Over Worked, Over Medicated and Over Confident

 So how’s your week been?  Mine has been a bit rough.  In fact, if I am honest, the last couple of months have been much more than “a bit rough”.  So here’s the deal.  It has been great getting all the encouraging feedback about my positive attitude and my progress getting back into running after cancer surgery and radiation treatments, but the truth of it is, my life is hard, and frankly, it’s overwhelming me at the moment.

So first, let me say, I am not writing this post looking for sympathy or to have a pity party…I’ve had more than enough of both already. I do want you to understand my frame of reference for the point of this post though, so I feel you need to understand to some degree the weight that I am under at the moment.

To start, my load at work is quite heavy at the moment. After working as a manufacturing and design engineer for 17 years I have moved into the role of Supply Chain Manager for the company I work for.  With no training or experience I have found myself responsible for all purchasing, production planning and customer service for the company. My friend and mentor, who was to train me to replace him when he retired, passed away just a few months after I took on the role and since then, I have been flying solo, learning as I go and being pushed into 60+ hour work weeks more often than not.

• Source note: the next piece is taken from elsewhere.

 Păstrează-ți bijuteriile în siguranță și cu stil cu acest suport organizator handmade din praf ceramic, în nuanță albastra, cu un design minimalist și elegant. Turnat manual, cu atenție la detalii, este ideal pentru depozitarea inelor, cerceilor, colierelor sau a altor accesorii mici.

In addition to the trouble of teaching myself a new job, the pain meds I am currently taking affect my cognitive function, making even more difficult at times to do my job as Supply Chain Leader. I desperately want to get off my pain meds, but I can’t. Despite the fact that it has been 3 months since I completed my radiation treatments, my mouth, sinuses and jaw are still healing, I am still passing bone fragments out through the skin in what is left of the roof of my mouth, and eating is still often difficult. The 3-day pain patches I am on, are highly addictive, and because I metabolize or absorb the medicine slightly faster than normal, on the third day of every patch, I’ve been going through withdrawals. So despite my wishes to get off my pain meds, they have actually increased my dosage to offset the 3rd day withdrawals.

To top that off, about two months ago, we were give a 60 day notice to move out of our rental house.  My family and I now have only 7 days to find another rental home and move. So far, we have not found a home in our school district that allows dogs, can accommodate a family of six and is in our price range.

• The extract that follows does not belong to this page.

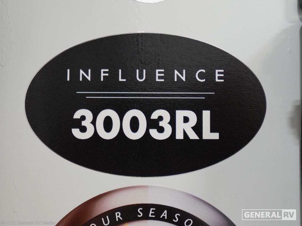 Grand Design Influence fifth wheel 3003RL highlights: Fireplace Kitchen Island Theater Seating Pass-Through Storage A perfect fifth wheel featuring triple slides and a tri-fold sofa for overnight guests! You will love the spacious interior thanks to the dual opposing slides in the main living and kitchen area. Here you will find a kitchen island in the center and plenty of seating with a free standing dinette, theater seating for movie night opposite the fireplace and entertainment center, as well as a tri-fold sofa. The kitchen offers all of the amenities just like home, a 16 cu. ft. 12-volt refrigerator for your perishables, and a hutch with an electronics drawer to keep your gadgets organized. There is even a pet dish under the refrigerator for your furry friends. The spacious full bath includes a 48" x 30" shower, dual linen closets, and an accessory drawer for necessities. You'll love the front bedroom with its king bed slide out, slide top dresser, front wardrobe with washer and dryer prep, plus a pass-thru clothes hamper between the bedroom and bath; how convenient! Any Grand Design Influence fifth wheel features five-sided aluminum cage construction with a walk-on roof and a fully enclosed underbelly with heated tanks and storage for all weather camping. For peace of mind, the MORryde CRE3000 Suspension system will provide safe and smooth towing, and the 101" widebody construction offers all the room you need and that is before multiple slides are fully engaged. You will appreciate the Keyed-Alike locks, slam-latch baggage doors with magnetic door catches, exterior security light, and SolidStep entry steps. On the inside, Congoleum flooring, premium roller shades for privacy, a hallway handrail for safety, and nightstands with USB ports to keep all of your electronics fully charged. You will also love the On Demand tankless water heater when showering, plus the added heat and ambiance from an electric fireplace, and so much more!

All of this, along with the normal stress of being a parent of four busy kids has been piling up on me for the past few months. A few weeks ago I began having frequent episodes of both depression and panic attacks. It finally became severe enough that I began seeing a counselor to find a way to cope with it all.  After a couple of sessions, I’ve have been diagnosed with Situational Depression/Anxiety Disorder.

Now don’t get me wrong, in spite of everything I’ve written above, there are many good things going on.   Our four kids are doing well in school.  They are doing great in Cross Country, Marching Band and Cub Scouts too. Tania is continuing to recover from her migraine surgery, and even though there have been complications, she has’t had any migraines in a while, and she’s been able to actually get out little. I am back to running consistently. I had a clean 3 month PET scan a couple of weeks ago.  Even though it’s stressful, I am back at work full time, and starting to make small progress on catching up on my backlog of work. The adjustments they made to my pain medication seems to be helping, and they have started me on a prescription for the SDAD.  All great things!

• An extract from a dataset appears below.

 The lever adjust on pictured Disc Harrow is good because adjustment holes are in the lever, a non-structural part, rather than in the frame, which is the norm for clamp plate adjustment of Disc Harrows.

So what the heck is up with me? Well, I have come to realize that this is not about work or moving, or family or cancer, but about me coping with loss:  loosing a core part of my identity.

If you asked me to tell you who I am in 20 words or less, I would quote you the bio under my picture at the top of this page:

“Christ-follower, husband, father, laugher, ultra-runner, cancer survivor, cubmaster, engineer, singer/musician/writer, November beard grower, dork.”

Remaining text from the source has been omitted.